One suggestion was that industrialised food, rather than being poisoned in some way by additives, is simply the result of an arms race between manufacturers all trying to to make their product more appealing -- doing their best to fine-tune the seasoning, texture etc. in order to make it as easy and rewarding as possible to eat. So it has 'evolved' to make people want to eat more and more of it.

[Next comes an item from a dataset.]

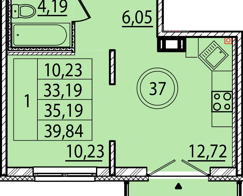 1-комн. кв., 33.19 м², 3/4 этаж

This doesn't explain why chicken nuggets, microwave lasagne, etc. are often in my experience quite nasty -- as is most restaurant food, or at least quite disappointing. I enjoy a good doner kebab, although I don't get to eat them very often, but when I spent a week in B&B eating out (for free) at a different establishment every night, honestly the only one of them I would have wanted to go back to, let alone been willing to pay to attend, was the curry house. I can't cook curries that appetising. The other stuff I could have done better, or provided better alternatives, myself -- and I am *not* a high-end cook, just a fairly pedestrian one who prefers slow but cheap to risky and exotic. (Cheap but exotic is always worth a try!)
no subject
Were fibre levels matched in the study?
Fibre makes you feel fuller.
no subject
The 'processed' diet included "fiber-enriched beverages" in order to compensate for the comparative lack of fibre in its content. Apparently the follow-up study is going to further increase the protein levels and try using soups instead of soluble fibre supplements in an attempt to narrow down the findings.
no subject
I suspect killing two birds with one stone by eating nuts and pulses has a lot going for it.